Exercise 4: Add a project system prompt
In a project directory:
mkdir -p .omp
cat > .omp/SYSTEM.md << 'EOF'
This is a Django REST Framework API. All new endpoints must include OpenAPI docstrings.
Always check for N+1 query issues when touching ORM code.
EOF
Start omp in that directory and ask it to add an endpoint. The project rules are injected automatically.
Troubleshooting
omp: command not found after Bun install
Bun's global bin directory may not be on your PATH. Add it:
export PATH="$HOME/.bun/bin:$PATH"
Add this line to your .zshrc or .bashrc so it persists.
Keyboard shortcuts not working
Your terminal does not support the Kitty keyboard protocol. Switch to iTerm2 or Kitty, or apply the configuration snippet for Ghostty/WezTerm from the omp documentation at https://omp.sh.
Ollama edits are garbled or erroring
Confirm you used api: openai-completions (not openai-responses) in your Ollama provider block. Also confirm the model is pulled and running: ollama list.
vLLM connection refused
The SSH tunnel may have dropped. Re-establish it:
ssh -L 8000:localhost:8000 user@gpu-server
Also confirm contextWindow in your models.yml entry matches the --max-model-len value your vLLM server was started with. A mismatch causes silent truncation or context overflow errors.
Hashes not matching / edit rejected
The file was modified between when omp read it and when it tried to write the edit. This is the hashline system working correctly — it prevented a potentially corrupt edit. Ask omp to re-read the file and retry the edit.
omp stats shows zero cost for local models
This is expected behavior.

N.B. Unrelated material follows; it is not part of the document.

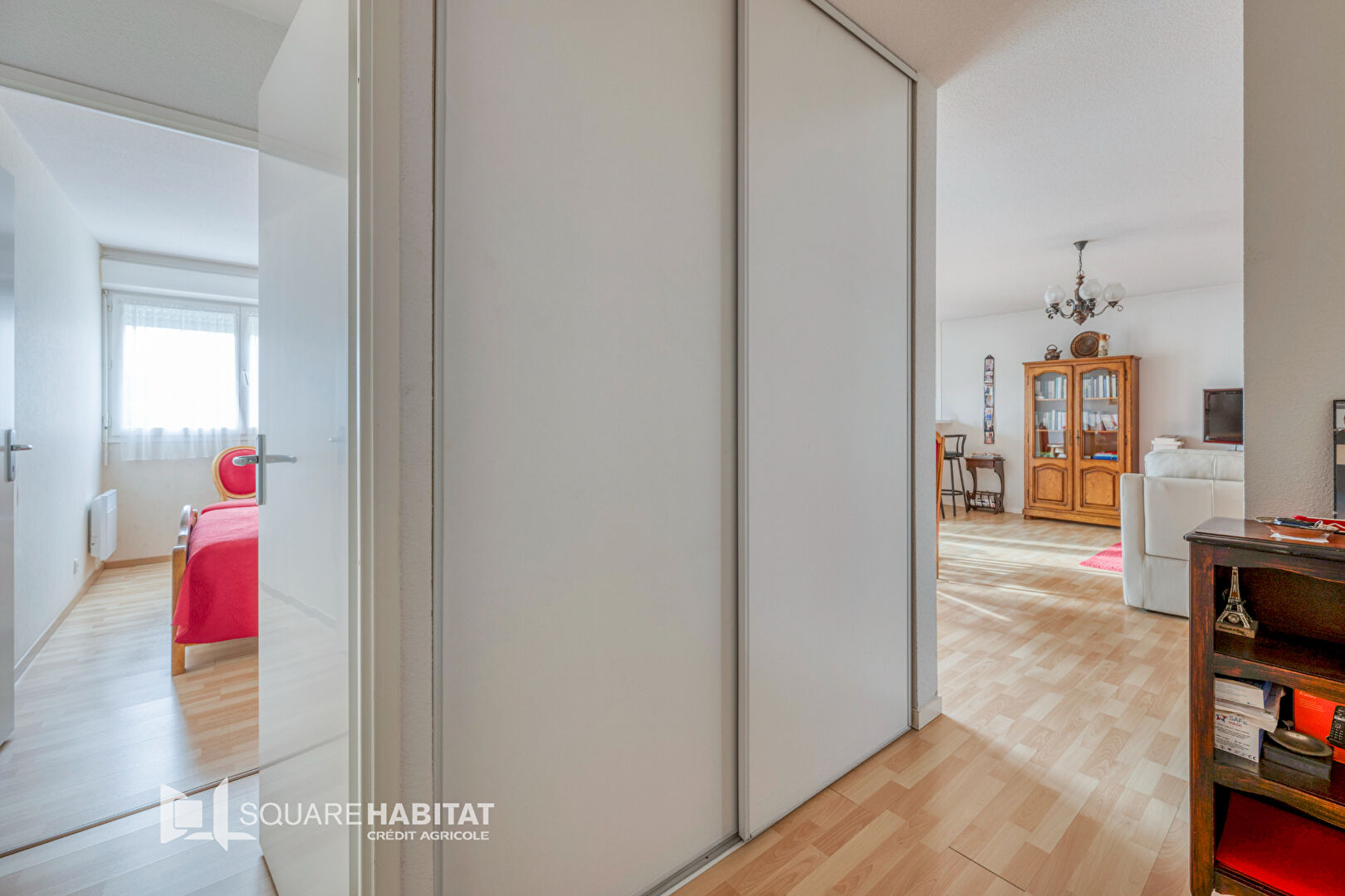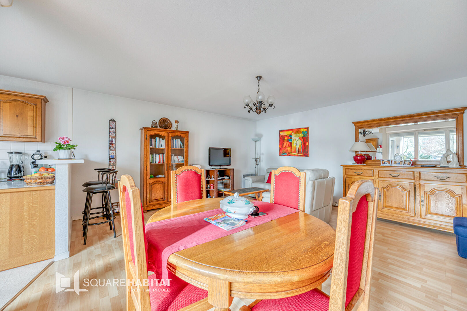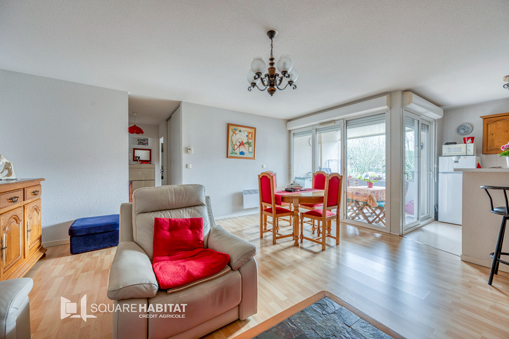 L'appartement se compose d'une entrée desservant une jolie pièce de vie lumineuse, salon/salle à manger avec cuisine ouverte.

The cost fields in models.yml for Ollama and vLLM are set to zero, so cost tracking reflects actual spend (nothing) for local inference. Only Anthropic API calls show nonzero cost in omp stats.
Related Tutorials
- [[omp-deep-dive|Oh My Pi Deep Dive]] — advanced configuration, custom tools, hook system, and subagent design
- [[autoresearch-beginner-guide|Autoresearch Beginner Guide]] — another AI-assisted research tool for the terminal
- [[hpc-ai-tech-stack]] — running AI workloads on HPC clusters, relevant if you are deploying vLLM on SLURM or Flux nodes
- [[slurm-vs-flux-reference]] — scheduler comparison for HPC environments where you might host vLLM backends
- [[CONFIG_MANAGERS]] — tooling for managing dotfiles and configs across machines, including omp config files
- [[ideas-research-analysis]] — broader notes on AI-assisted research workflows
References
- GitHub repository: https://github.com/can1357/oh-my-pi
- Landing page and installer: https://omp.sh
- Ollama: https://ollama.com
- vLLM documentation: https://docs.vllm.ai
- Bun: https://bun.sh
- mise: https://mise.jdx.dev
Summary
omp is a terminal AI coding agent that runs against any OpenAI-compatible provider. Its main technical differentiators are hashline edits (hash-anchored line references that eliminate most edit failures), LSP/DAP integration (IDE-grade diagnostics and debugger support in the terminal), first-class subagents with git worktree isolation, and autonomous memory.
Getting started requires three things: installing the binary (Bun or curl installer), configuring at least one provider in ~/.omp/agent/models.yml and config.yml, and running omp in a project directory. The three provider patterns covered here — Anthropic for capable cloud models, Ollama for free local inference, and vLLM for self-hosted GPU inference — cover the most common setups.
The critical thing to remember when mixing Ollama and vLLM is the API protocol difference: openai-completions for Ollama, openai-responses for vLLM. Getting this wrong is the most common configuration mistake.
For HPC or research environments where you are already running GPU jobs on SLURM or Flux, vLLM over an SSH tunnel is a practical way to get omp talking to a model you control without sending data to a third party. See [[hpc-ai-tech-stack]] for context on that infrastructure.